The tuba is more commonly played by boys and is typically an instrument taken up when the player's lungs are more physically mature, said Philharmonic conductor Sandy Morris. As a result, many players opt to start with smaller brass instruments such as the trombone or trumpet.

During the Philharmonic's blind audition process, however, Hannah's facility with the instrument was clear, and Morris said the eighth-grader has proven herself as more than capable.

"I don't think I've heard a single mistake from her all year," Morris said. "It's a special skill set to be patient with it and get good talent and technique.

"She relishes the challenges. Nothing we've done this year has been too challenging to her."

Hannah said she feels the same draw to the instrument now as she did when she started, and her level of comfort is much higher.

That makes it easy to stick to a practice schedule, she said.

"I lose myself in the music," Hannah said. "It'll be a long time before I realize that, 'Oh, I've got to get stuff done ... like homework.' "

Her hard work has paid dividends. Hannah became eligible to take part in county, regional and statewide musical clinics last year. As a seventh-grader, she was the first chair tubist in the Hamilton County All-County Band Clinic and the Lower Area Junior Band Clinic.
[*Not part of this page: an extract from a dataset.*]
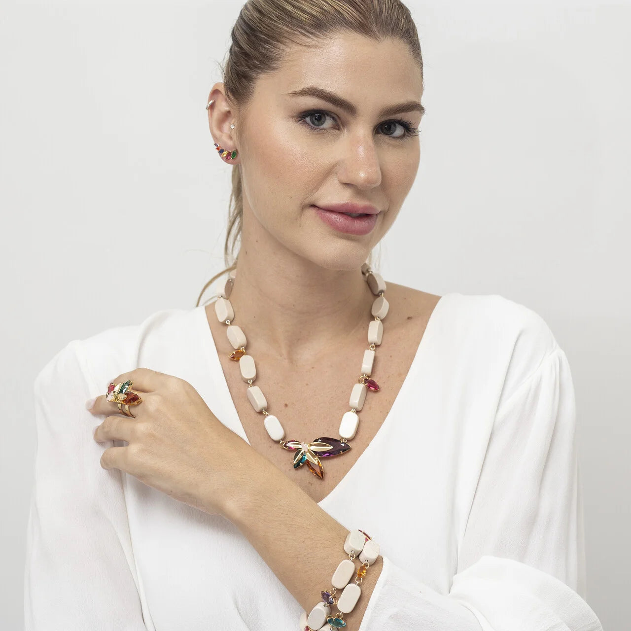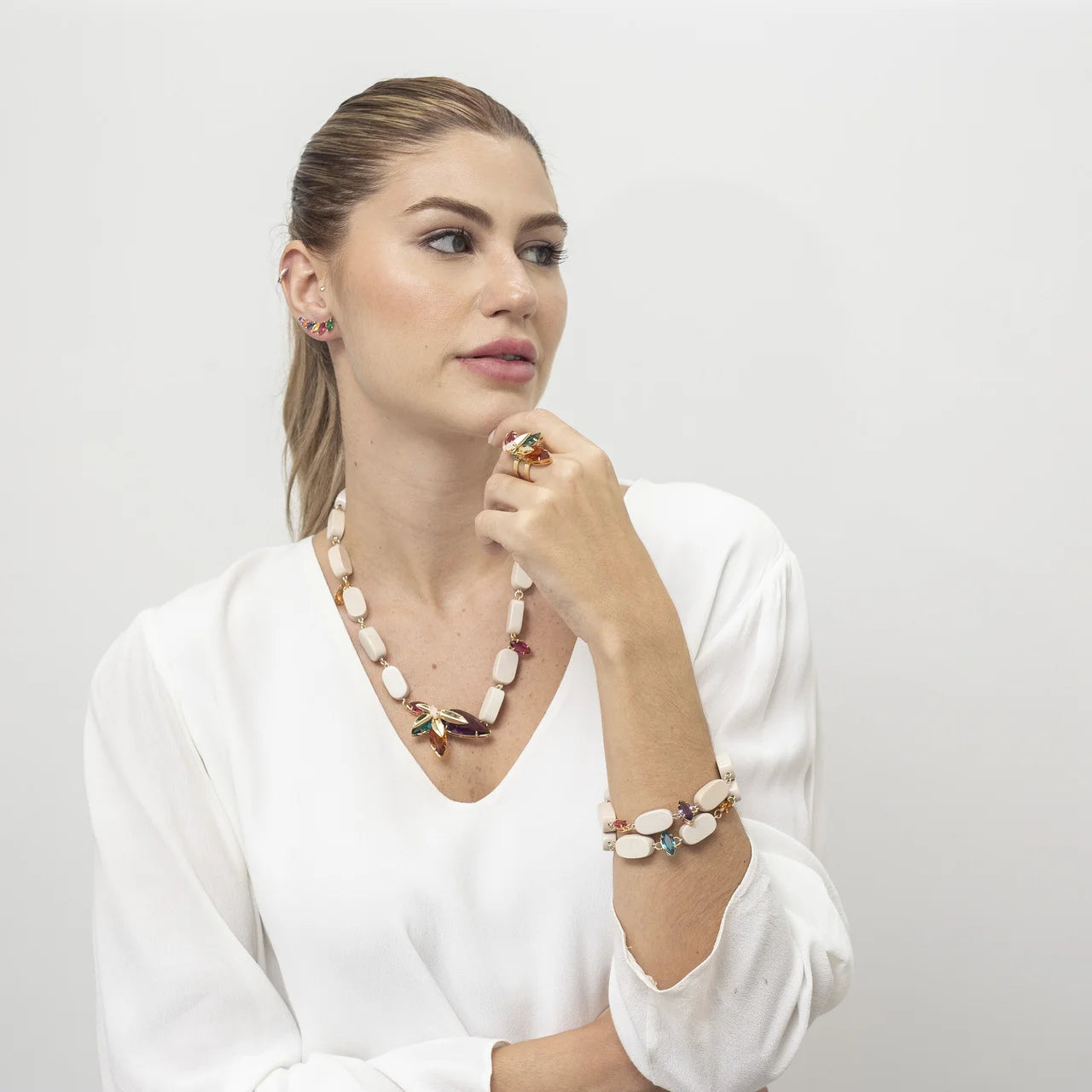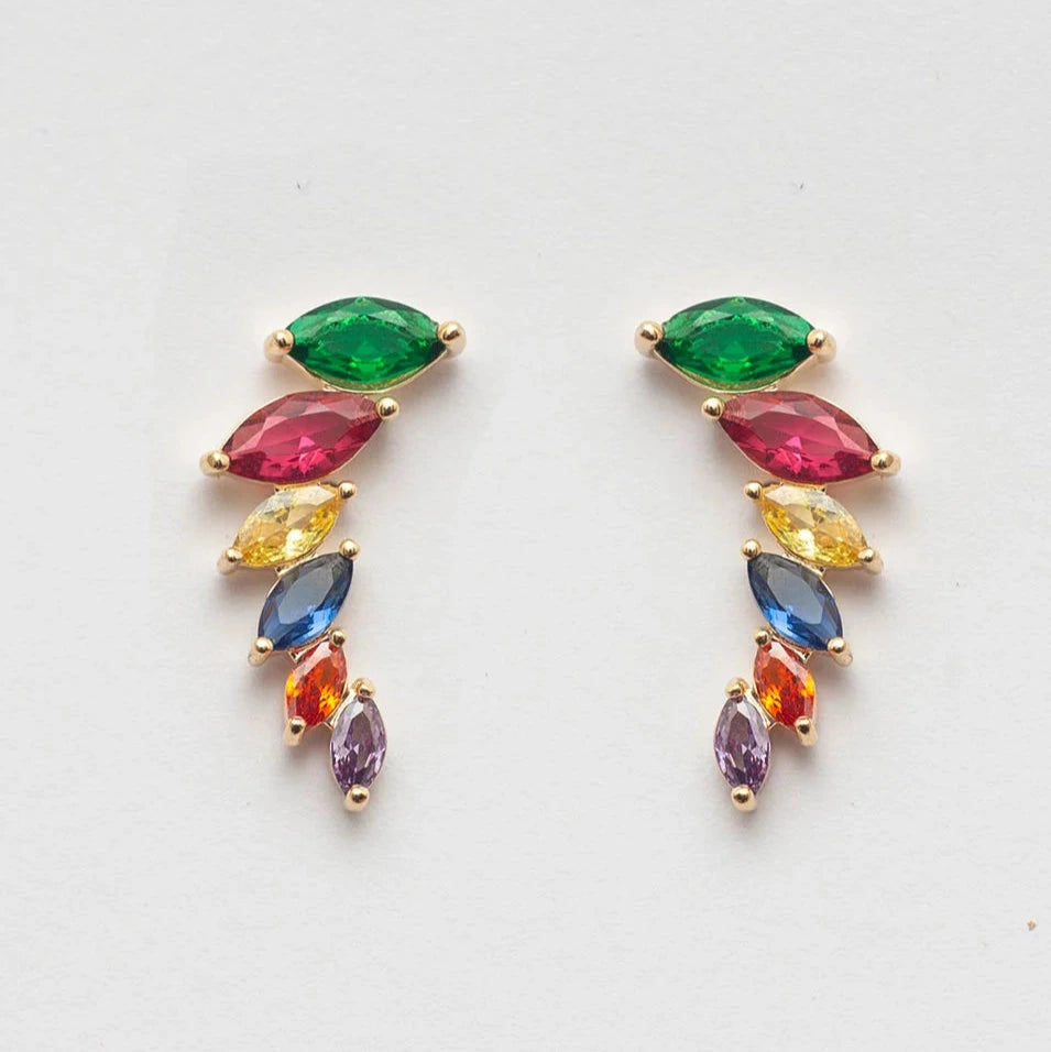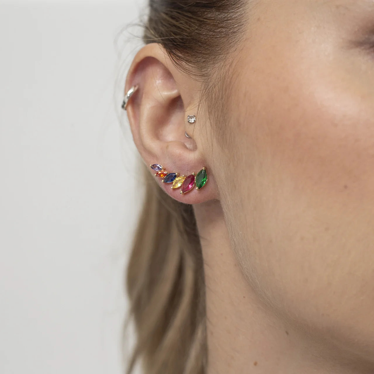 The Royale Earrings are the perfect choice for those seeking style and sophistication. Crafted from noble metal and set with colorful navette crystals, they bring a vibrant touch of color and elegance to your look. The gold plating adds shine and luxury to the piece, while the design ensures a bold and unique appearance.

Hannah's mother, Juanita Eitzen said that although she never tried to sway her daughter's pursuit of music, she was pleased that she took up the tuba since Hannah's grandfather also played the instrument.

Hannah is a self-described perfectionist. That characteristic, combined with her determination, makes for a potent combination when it comes to tackling such a difficult instrument, Morris said.

Fortunately, even though Hannah can become obsessive about conquering the details of new pieces, playing often helps calm her down, Eitzen said.

"It's a stress reliever for her," she said. "If she's had a bad day at school, ... give her 15 or 30 minutes in her room with the bass or tuba, ... she comes back out and she's good to go."